Le second élément est un encadrement des prix des produits alimentaires et de première nécessité, à l'image de ce qui a été fait pour le gel hydroalcoolique et les masques chirurgicaux. Ce dispositif serait également provisoire : il serait limité à l'état d'urgence sanitaire. L'objectif est d'éviter une flambée des prix dans un contexte très particulier.
Enfin, nous devons faire preuve de volontarisme en ce qui concerne les prix payés aux producteurs. Nous proposons, comme l'avait fait M. André Chassaigne en 2016 et comme l'avait demandé le groupe La France insoumise dans le cadre des travaux sur la loi ÉGALIM, la fixation de prix planchers pour chaque production dans le cadre d'une conférence interprofessionnelle annuelle à laquelle prendraient part les syndicats agricoles.
Puisqu'on va sans doute nous opposer le droit européen de la concurrence, je voudrais rappeler que l'agriculture fait l'objet d'un traitement particulier dans le cadre des traités. L'article 42 du traité sur le fonctionnement de l'Union européenne prévoit que « les dispositions du chapitre relatif aux règles de concurrence ne sont applicables à la production et au commerce des produits agricoles que dans la mesure déterminée par le Parlement européen et le Conseil ». Contrairement à ce que beaucoup pensent, nous pouvons rester maîtres de notre destin en la matière. L'Union européenne a été capable de suspendre les règles de la concurrence pour les secteurs les plus affectés par la crise. Il est possible de généraliser et de pérenniser cette évolution sans créer de toutes pièces un nouveau système.
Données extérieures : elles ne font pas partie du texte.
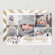 This whimsical and festive 6 photo holiday card features a photo collage, winterberries and says "happy holidays" in faux gold foil that is printed flat.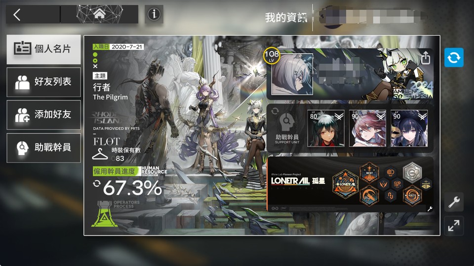 遊戲太多工作太忙,沒力氣玩了,想找人接收。課蠻多的所以雖然107等但練度算高。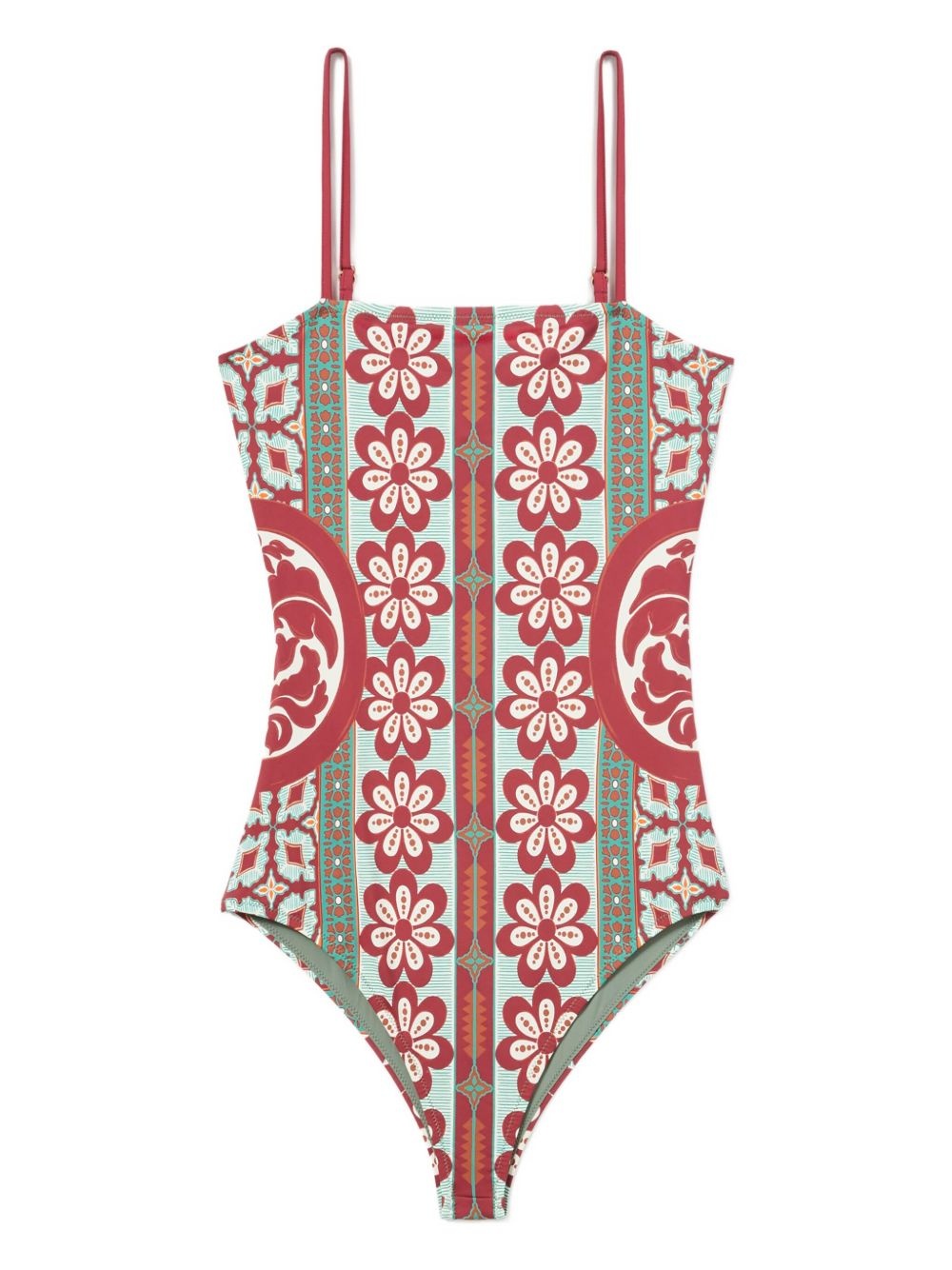 Elle floral-print swimsuit Highlights - Green - Floral print - Thin straps - Square neckline - Be mindful to try on swimwear over your own garments. Made in Italy Composition Polyamide 74%, Elastane 26%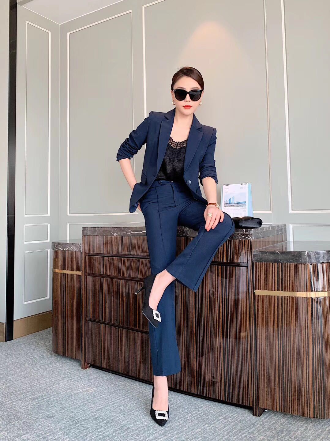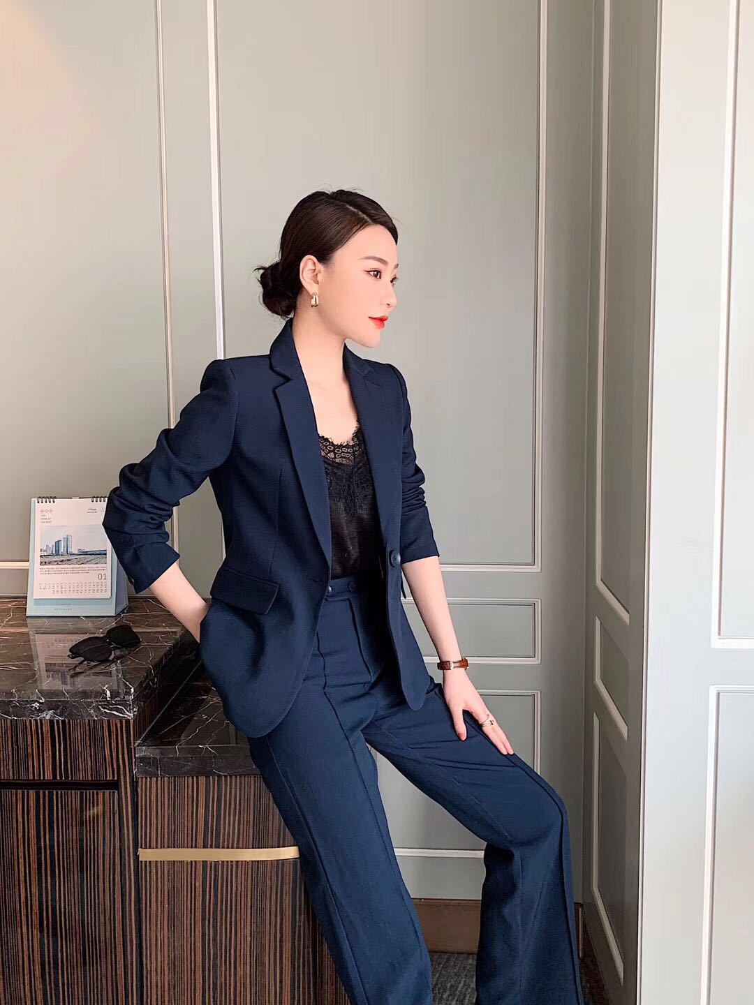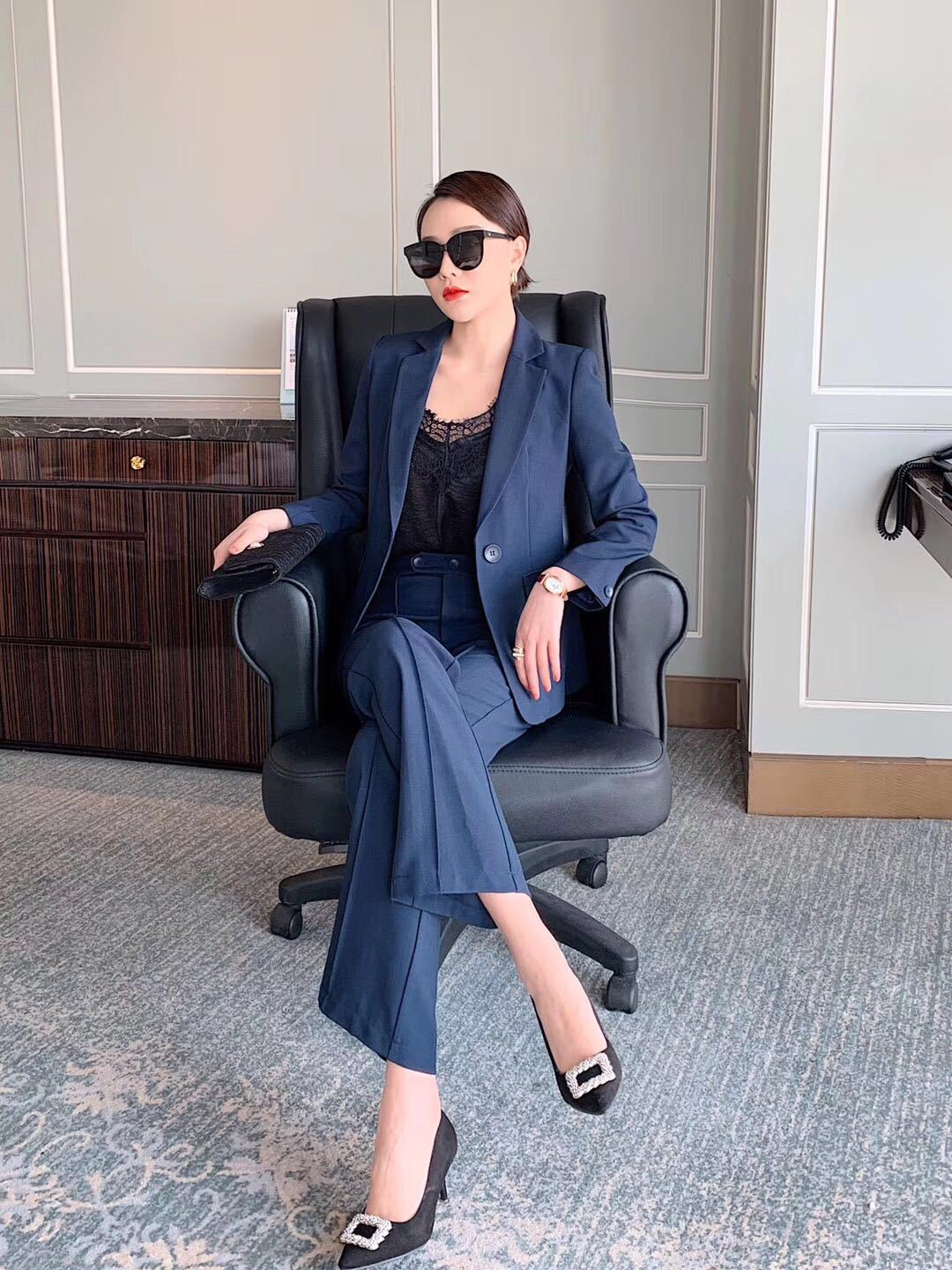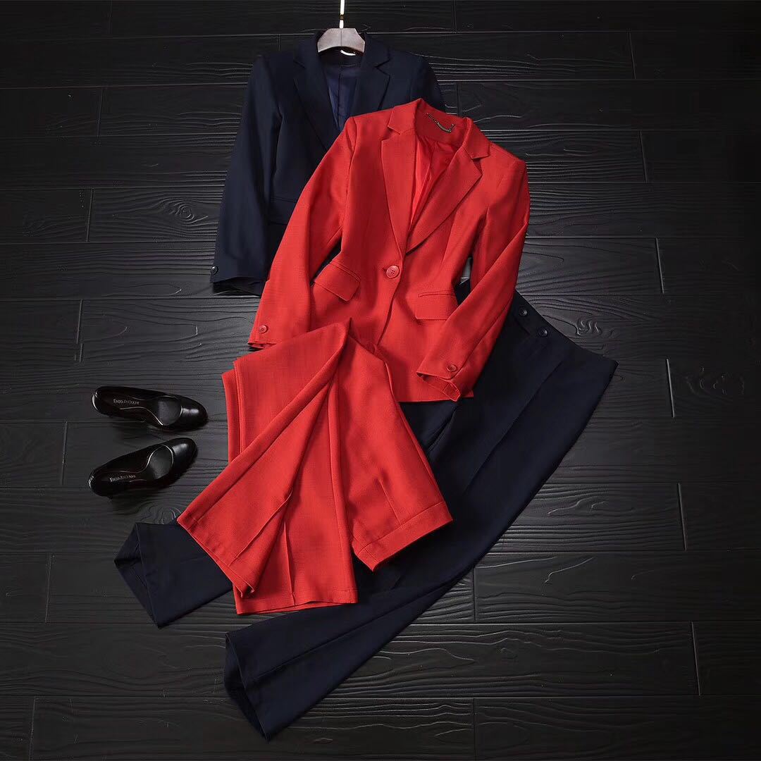 KLN-20201014春季新款女装时尚小西装直筒裤两件套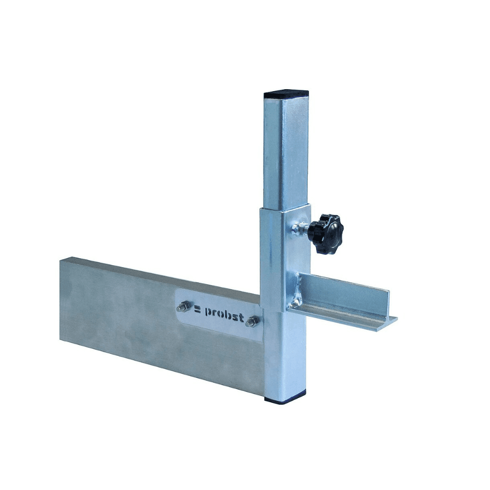 Regulacja wysokości: Podpora z regulacją wysokości może być ustawiona poprzez dokręcenie nakrętki motylkowej do odpowiedniej wysokości w kierunku krawężnika lub chodnika.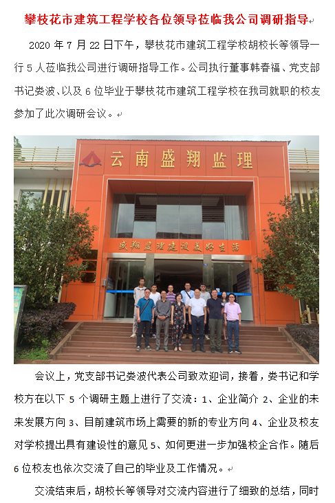 攀枝花市建筑工程學校各位領導蒞臨我公司調研指導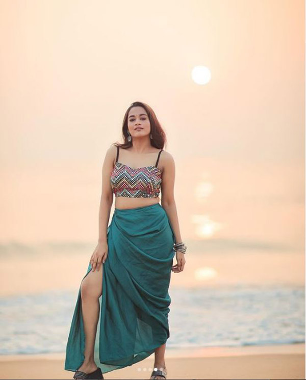 தூக்கலான கவர்ச்சியில் அந்த இடத்தை காட்டி இளசுகளின் ஹார்ட் பீட்டை எகிற வைத்த காவ்யா அறிவுமணி!!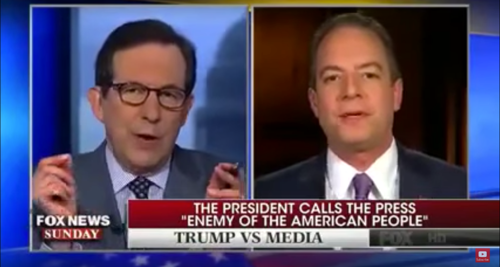 Fox News host Chris Wallace on Sunday pressed White House chief of staff Reince Priebus to explain President Donald Trump’s comment that the press is “the enemy of the American People.”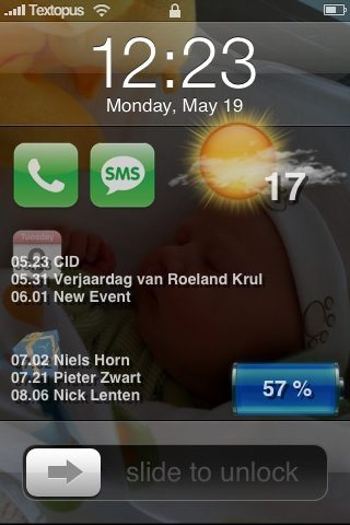 Het eindresultaat (nee, de baby is niet van mezelf).De lockscreen-applicatie iToday heeft in een paar dagen de sprong gemaakt van versie 0.1 naar 0.2. Op het lockscreen zelf wordt nu extra informatie getoond, zoals de drie eerstvolgende afspraken in je agenda en de batterijstatus, uitgedrukt in een percentage. Een belangrijke andere verbetering is dat de video-wallpaper, die veel mensen toch liever niet gebruiken, nu standaard staat uitgeschakeld. Op het instellingenscherm heb je de mogelijkheid om de weergave van video te activeren.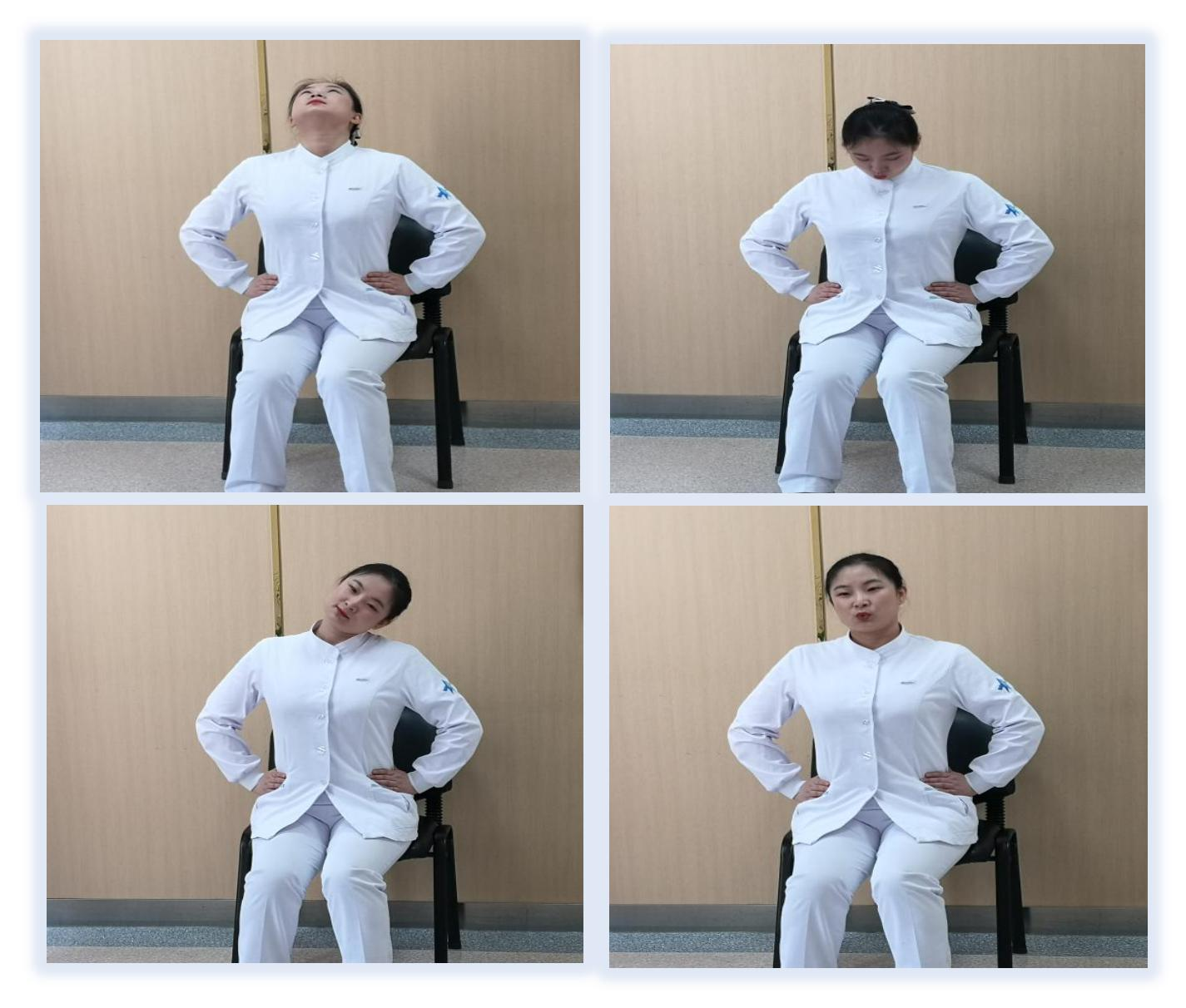 取坐位,双手叉腰。吸气时仰头,头部尽量后仰;呼气时低头,下颌尽量贴 向胸骨,头部回位;吸气,头部缓慢向右侧偏,头部尽量贴向肩,呼气时回头; 再次,吸气,头部缓慢向左侧偏,头部尽量贴向肩,呼气时回头。回位。

L'instauration de prix planchers est le seul moyen de garantir un meilleur partage de la valeur au sein de la chaîne alimentaire.
Comme les dispositions de la loi ÉGALIM qui visaient à inverser la construction des prix ont montré leurs limites, nous proposons également de moderniser une mesure figurant déjà dans le code rural et de la pêche maritime mais jamais appliquée : il s'agit du coefficient multiplicateur qui permet, dans les situations de crise, de lier le prix d'achat et le prix de vente des produits agricoles pour limiter les marges des intermédiaires et éviter des hausses déconnectées du renchérissement des matières premières. Nous proposons d'étendre le dispositif à tous les produits agricoles et alimentaires et de l'activer pendant les périodes d'état d'urgence sanitaire.
Alors que ces dispositions paraissaient encore inimaginables il y a quelques semaines, la crise nous invite à les envisager sérieusement. Notre résilience collective tient à notre capacité à maintenir en France une agriculture permettant d'assurer notre souveraineté alimentaire et à garantir l'accès de toutes et tous à une alimentation de qualité. Cela fait des décennies qu'on laisse perdurer la précarité alimentaire, et la pauvreté a explosé ces dernières années. Elle touche désormais neuf millions de personnes, y compris dans le monde agricole. Faisons en sorte que la crise actuelle ne soit pas uniquement un drame sanitaire, économique et social mais aussi l'occasion de changer de modèle, d'aller vers un monde économiquement et socialement juste et respectueux de l'environnement.